El Duderino said: I like your style as well... Ok... guess I´ll have to lay down some family history... My grandma was born and lifed in nothern germany... when WWII started she was forced to work in a military factroy... after the war she met my grandfather, an american GI... his parents were german imigrants from Berlin but he was born in the USA... when he was a kid lots of other children called him a Nazi for being german... anyway my grandma went to the states with him and they got married... she spoke very little english at first... many of intolerant jews (but of course not all of them) noticed she was german and blamed her for what the Nazis had done... so both of my grandparents had been subject to racism at some point during their live because they were german... What I´m saying is: Anybody can be subjekt to racism... but fact is bad people do bad things... there is no such thing as a bad race... we need to get over the past and judge people individually, not by what other people of their race have done... Everything clear now ??? |
Clear as mud. You gave an honest example. THAT'S A REAL BIG STRETCH THERE. You also didn't mention what the intolerant Jews did. Was it name calling? Did they try to lynch her? Was her treatment any worse than the Vietnamese refugees by a certain group of red-blooded Americans who treated any Vietnamese person badly?
I can play the "we don't like you because of the war" card too. My Grandparents and father were locked up in a detention camp. They lost hundreds of acres of farmland. They were US citizens and they were illegally detained because of their race. There were plenty of Germans in America, they didn't lock them up. I wonder why? There's quite a bit of documented spying and sabotage committed by American citizens of German descent. Why weren't they considered a threat to be dealt with?
But hey dude, we're really just nitpicking and quibbling here. Yes, any group can be discriminated against. The big problem is institutionalized discrimination and racism or whatever you want to call it. And hand in hand with that is how race is viewed.
Racism basically comes down to one group of people thinking that another group of people is inferior because of their race.
You didn't mention any instances when someone treated you as if you were inferior because you're German. I don't know of any institutionalized racist practices directed toward Germans in the USA. Dude, there are institutionalized practices, in business and law enforcement, directed towards other races.

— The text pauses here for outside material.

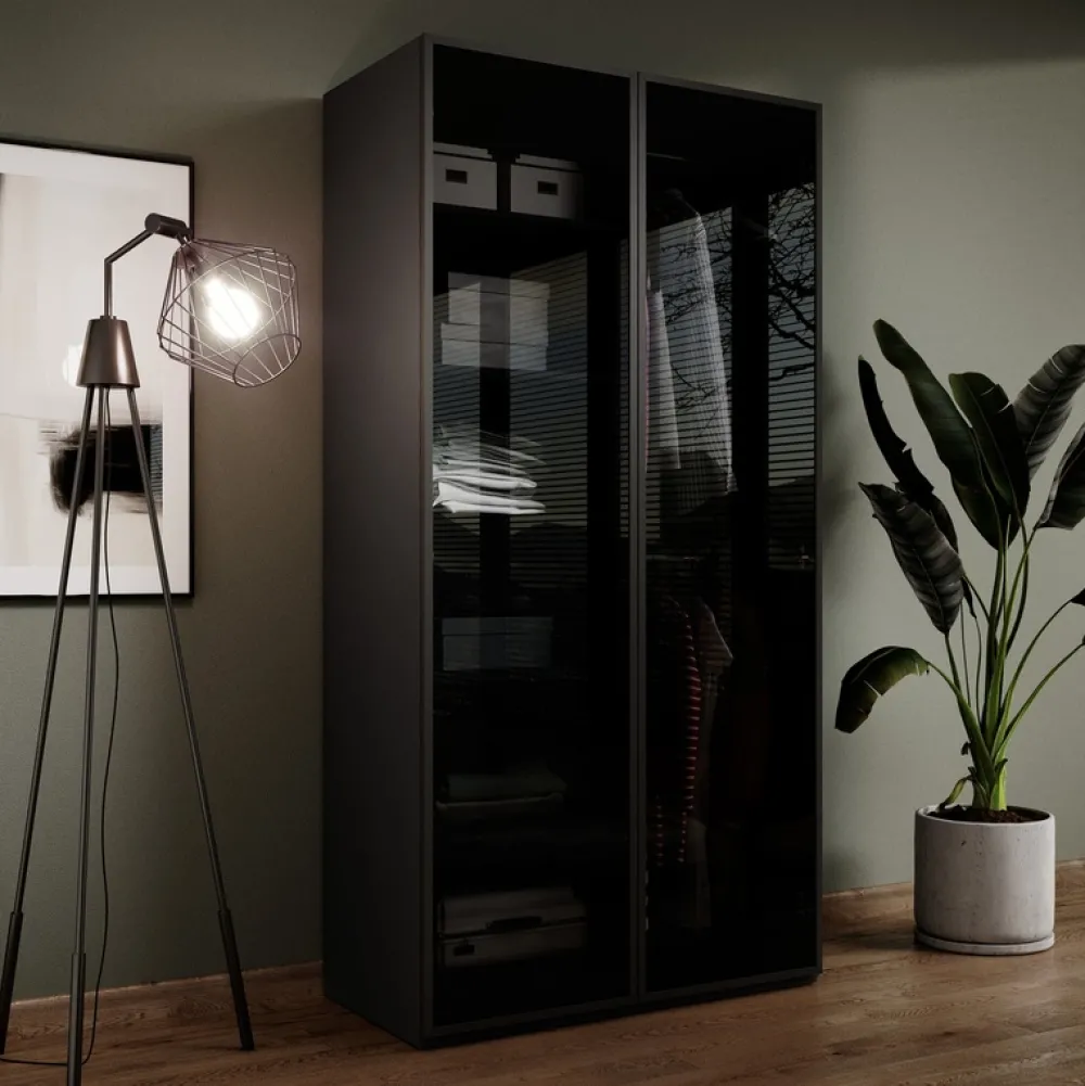 Modułowa szafa SIGMA to idealny wybór dla miłośników nowoczesnego designu i minimalistycznych rozwiązań. Przeszklony front dodaje jej lekkości i elegancji, sprawiając, że wnętrze zyskuje przestronny i stylowy charakter. Transparentne drzwi nadają szafie nowoczesny wygląd, jednocześnie umożliwiając wgląd do wnętrza, co podkreśla piękno przechowywanych ubrań i dodatków.

You really can't tell someone "Get over it" because of something that happened to your grandmother. Why? Sure there are bad people everywhere. It's all around. But seriously, it's like by using your standard the SS was just a bunch of bad individuals and individually they did bad things. Well that's true, but you it would seem to be that you’re purposefully ignoring the fact that the SS was an organization with an agenda within an institution that represented the German people.
Maybe we just see it different ways. It's very easy as an "AMERICAN" to be discriminated against in many parts of the world but I find that hard to call "racism". But I get the idea that you might call it racism if for example some loud Americans sat down in a Bistro in Paris... and never got served. In fact, I think the waiters refused to talk to them even though one of the "AMERICANS" could speak French. Last time I checked, Americans aren't a race.
Really, let's talk about racism. It seems to me that people are confusing racism with prejudice and bigotry. They are different things.